In alcune delle fumerie del Vietnam lavoravano agenti del vietminh, ma i comunisti impiegarono le donne soprattutto nei reparti combattenti e in vari compiti di supporto. Le più giovani si arruolavano nella Gioventù di sorveglianza, svolgendo compiti di pattuglia, individuando le bombe inesplose e assicurando che il coprifuoco venisse osservato.
Bernard Fall racconta un episodio divertente, riferito ad un giovane capitano francese che in una certa occasione si trovò a dover affrontare una situazione per la quale l’Accademia si Saint Cyr non lo aveva preparato. “In Indocina, dove i contadini, siano essi uomini che donne, indossano abiti e copricapo quasi identici e dove le donne sono quasi senza petto come gli uomini, i guerriglieri comunisti si facevano spesso passare per donne quando venivano bloccati. Il giovane ufficiale un giorno si trovò dunque di fronte al problema di identificare se il fermato fosse uomo o donna, e non sapeva come comportarsi. Chiese consiglio al comandante del reparto che gli urlò “cacci la mano in mezzo alle gambe, capitano!”. E qui abbiamo forse il primo esempio di femminismo applicato alla guerra di Indocina. Il messaggio radio venne infatti captato dall’operatore francese, addetto al controllo del traffico radio, che era, come molti operatori radio, una donna. Costei inoltrò una vibrata protesta al comando, ritenendo lesivo della dignità femminile l’ordine dato dall’ufficiale.

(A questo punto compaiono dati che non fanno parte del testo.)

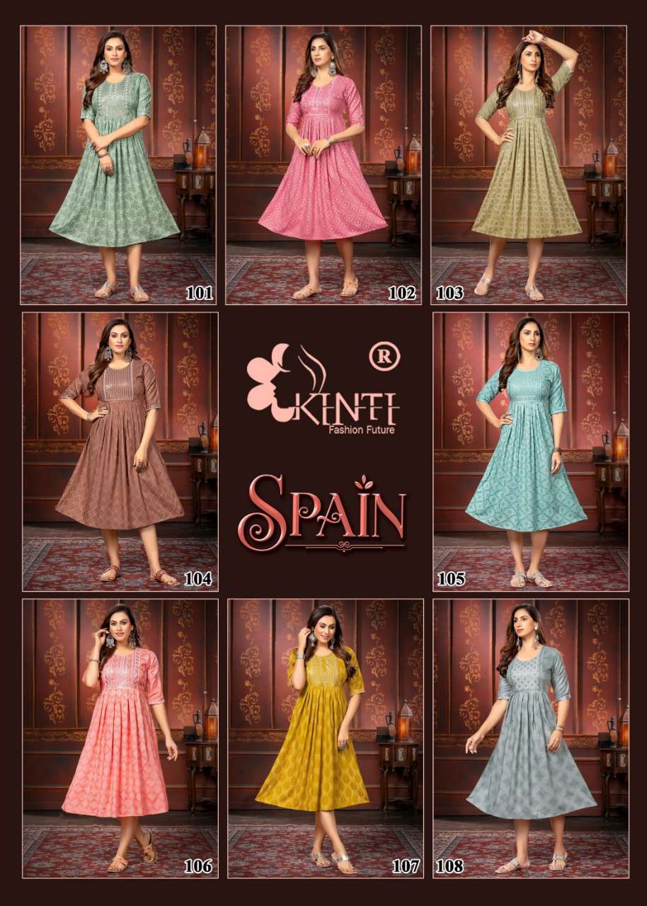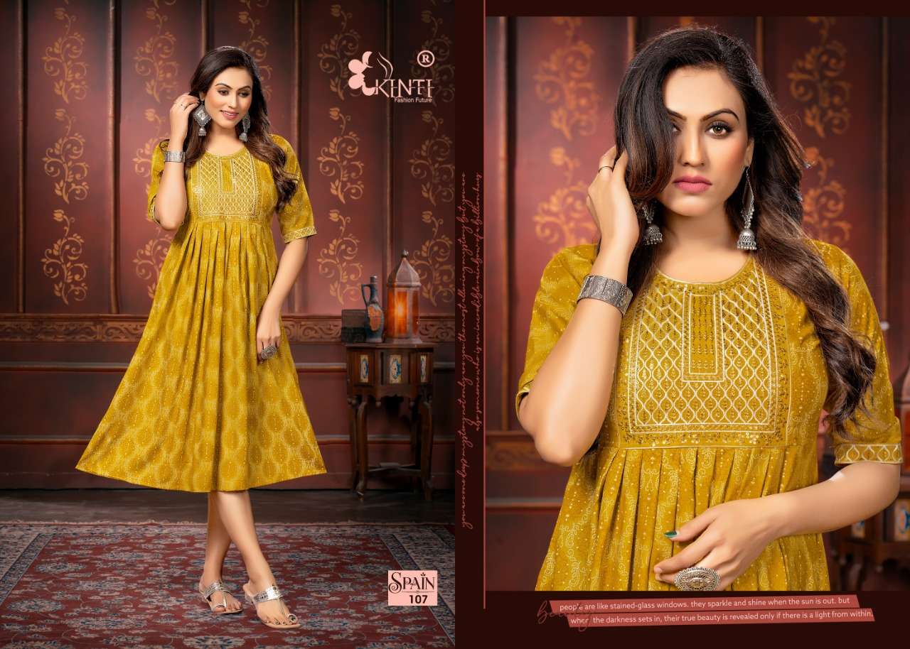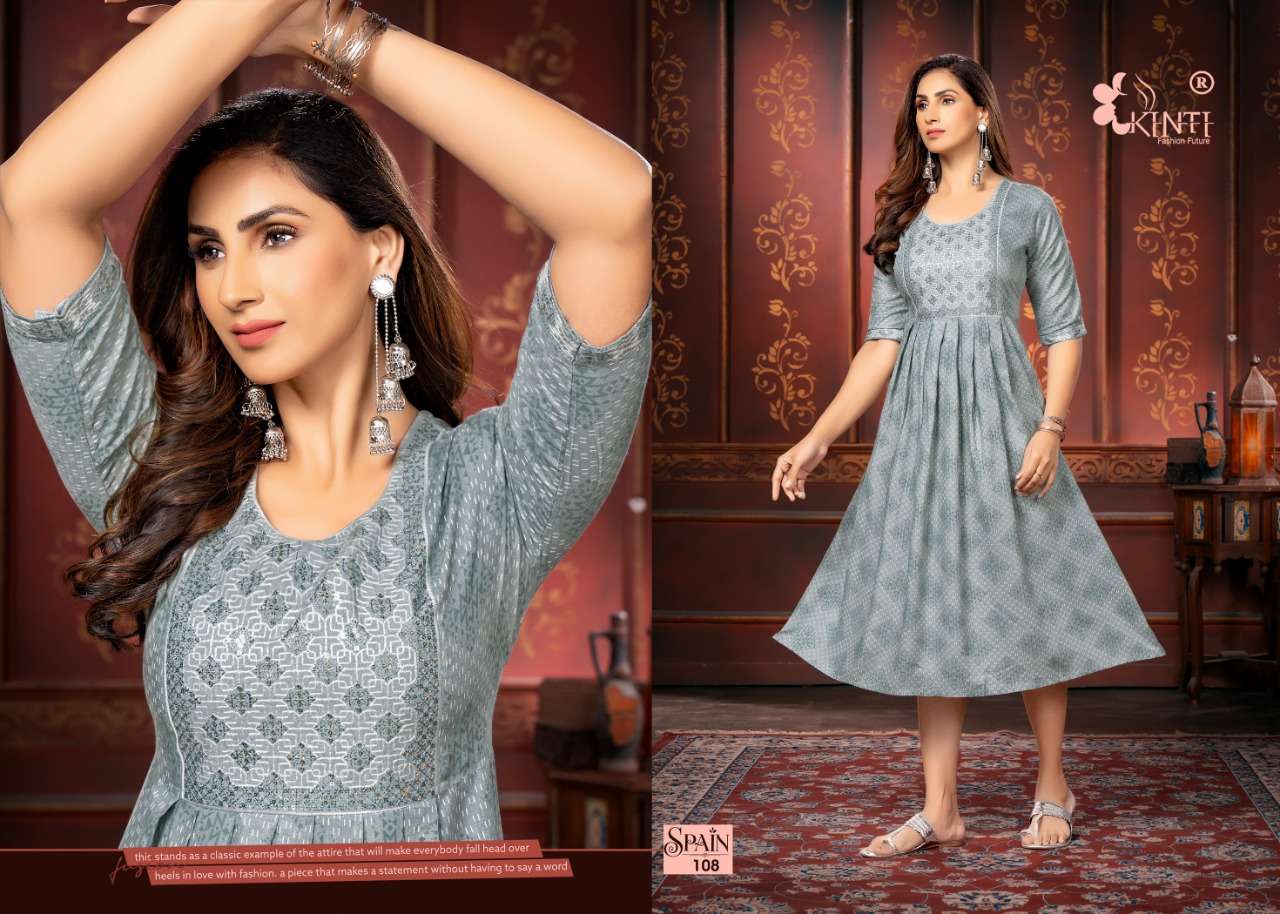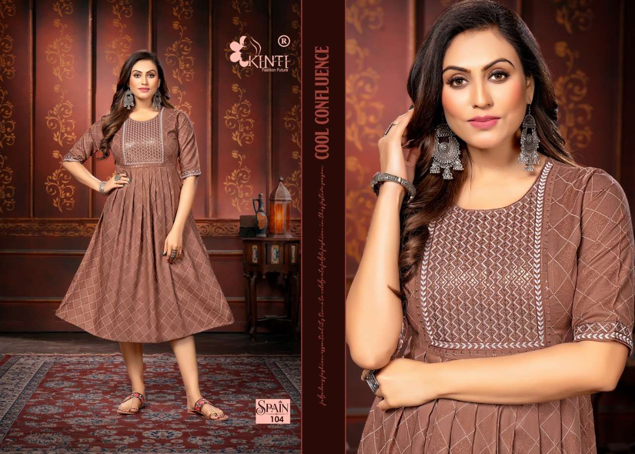 spain by kinti sequence embroidery kurti wholesale

Il comandante allora confermò che l’ordine era stato effettivamente dato, ma che era nella forma sbagliata, e avrebbe dovuto essere “Per favore, inserisca la mano nella vagina-ammesso che ce l’abbiano-dei ribelli sospetti” (5).

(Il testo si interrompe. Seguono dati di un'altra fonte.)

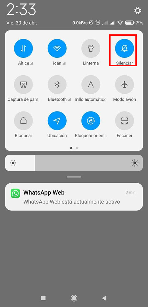 - Sélectionnez l’icône en forme de cloche pour passer en mode silencieux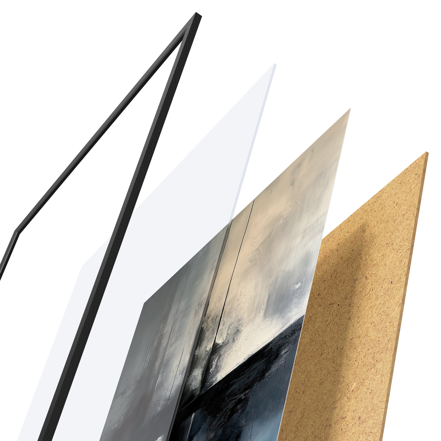 De poster bestaat uit een frame, plexiglas, geprinte afbeelding en spaanplaat achterkant. De poster kan meteen aan de muur worden gehangen dankzij de bevestigingen op de achterkant.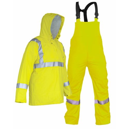 Impermeable de dos piezas con chamarra tipo sudadera, pantalón con peto y tirantes con reflejante en hombros, pecho, brazos y piernas SKU: DZ1014
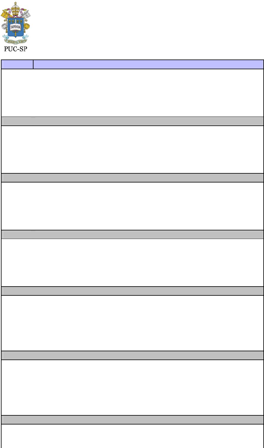 Pontifícia Universidade Católica de São Paulo Geografia (Bacharelado) PERÍODO ATIVIDADES PEDAGÓGICAS / DISCIPLINAS 1 A CONSTRUÇÃO DO CONHECIMENTO E O SENTIDO DO DISCURSO GEOGRAF 1 ANÁLISE GEOGRÁFICA 1 FUNDAMENTOS DE GEOLOGIA PARA A GEOGRAFIA 1 INTRODUÇÃO AO PENSAMENTO TEOLÓGICO I 1 PROCEDIMENTOS QUANTITATIVOS EM GEOGRAFIA 1 SOCIEDADES E CARTOGRAFIAS 2 CARTOGRAFIA 2 GEOGRAFIA DA PRODUÇÃO E DA CIRCULAÇÃO 2 GEOPROCESSAMENTO: INTRODUÇÃO 2 HISTÓRIA 2 LÍNGUA PORTUGUESA 2 LINGUAGEM E ALFABETIZAÇÃO GEOGRÁFICA 3 DIMENSÃO GEOGRAFICA DA CIDADE E DO CAMPO 3 DIMENSÃO GEOGRÁFICA DAS DINÂMICAS CLIMÁTICAS 3 DIMENSÃO GEOGRÁFICA DO RELEVO I 3 FUNDAMENTOS ANÁLITICOS PARA O PLANEJAMENTO TERRITORIAL 3 GEOGRAFIA DAS CULTURAS 3 TRATAMENTO E INTERPRETAÇÕES DE IMAGENS 4 FUNDADORES DA GEOGRAFIA 4 GEOGRAFIA AGRÁRIA APLICADA 4 GEOGRAFIA DA BIOSFERA I 4 GEOGRAFIA DAS DINÂMICAS HÍDRICAS 4 GEOGRAFIA URBANA APLICADA 4 RECURSOS NATURAIS E ENERGÉTICOS 5 ANTROPOLOGIA 5 DIMENSÃO GEOGRÁFICA DO RELEVO II 5 FORMAÇÃO TERRITORIAL DO BRASIL I 5 GEOGRAFIA REGIONAL DO MUNDO I 5 PAISAGEM, TERRITÓRIO E REGIÃO 5 PENSAMENTO SOCIOLÓGICO CONTEMPORÂNEO 5 SUP ESTAG: DISC GEOGRÁFICOS E A ESC COMO VEIC DE DIVUL CIENT 6 ANÁLISE E INTERVENÇÃO EM IMPACTOS AMBIENTAIS 6 DINÂMICA TERRITORIAL DA CULTURA E DAS RELAÇÕES DE PODER 6 FORMAÇÃO TERRITORIAL DO BRASIL II 6 GEOGRAFIA REGIONAL DO MUNDO II 6 INTRODUÇÃO AO PENSAMENTO TEOLÓGICO II 6 PODERES E CONTRA PODERES 6 SUP DE ESTÁGIO: ESTUDO GEOGRÁFICO DA ESC E O PROC ENS APREN 7 ANÁLISE DO SISTEMA DE TRANSPORTE E LOGÍSTICA 7 ANÁLISE E INTERVENÇÃO EM SITUAÇÕES DE RISCO 7 ATIVIDADE DE PESQUISA I Pontifícia Universidade Católica de São Paulo Geografia (Bacharelado) 7 INTRODUÇÃO À SISTEMATIZAÇÃO DE MEMORIAL 7 OPTATIVA 7 POLÍTICAS PÚBLICAS E GESTÃO TERRITORIAL 7 TOPOGRAFIA E GEODÉSIA 8 ATIVIDADE DE PESQUISA 8 CARTOGRAFIA PARA O PLANEJAMENTO TERRITORIAL 8 GEOGRAFIA DA BIOSFERA II 8 OPTATIVA 8 ORIENTAÇÃO DO TRABALHO DE CONCLUSÃO DE CURSO (BACHARELADO) 8 PATRIMÔNIO CULTURAL E CONSERVAÇÃO 8 PLANEJAMENTO ENERGÉTICO E DE RECURSOS HÍDRICOS 8 SEMINÁRIOS DE PESQUISA

Image Una certa precauzione era comunque opportuna, infatti durante la guerra del Vietnam, ci furono casi di soldati americani uccisi da ragazze che nascondevano granate nel reggiseno (6).
Molte sono le foto di donne che divennero l’emblema della tragedia indocinese, sia stata essa soldato, o madre di famiglia, o prostituta. Ne ricorderemo solo una meno nota, pubblicata nell’edizione italiana del libro di Stanley Karnow. Ritrae un soldato nordvietnamita ucciso durante la battaglia di Hué. Giace con gli occhi spalancati. Per terra, i bossoli delle pallottole che ha sparato fino all’ultimo; accanto a lui la foto di una bambina che sorride. E’ sua figlia, e per la sua libertà ha dato la vita.

NOTE
(1) T. Terzani, La fine è il mio inizio, a cura di Folco Terzani, Milano 2014: 168.
(2) Charlie è uno di nomi che i soldati americani davano ai vietcong.
(3) B. B. Fall, Dall’Indocina al Viet-Nam: storia di due guerre, Milano 1968: 125.
(4) La fine è il mio inizio: 171-172.
(5) Fall, 1968:244.
(6) S. Karnow, Storia della Guerra del Vietnam, Milano 2010: 13.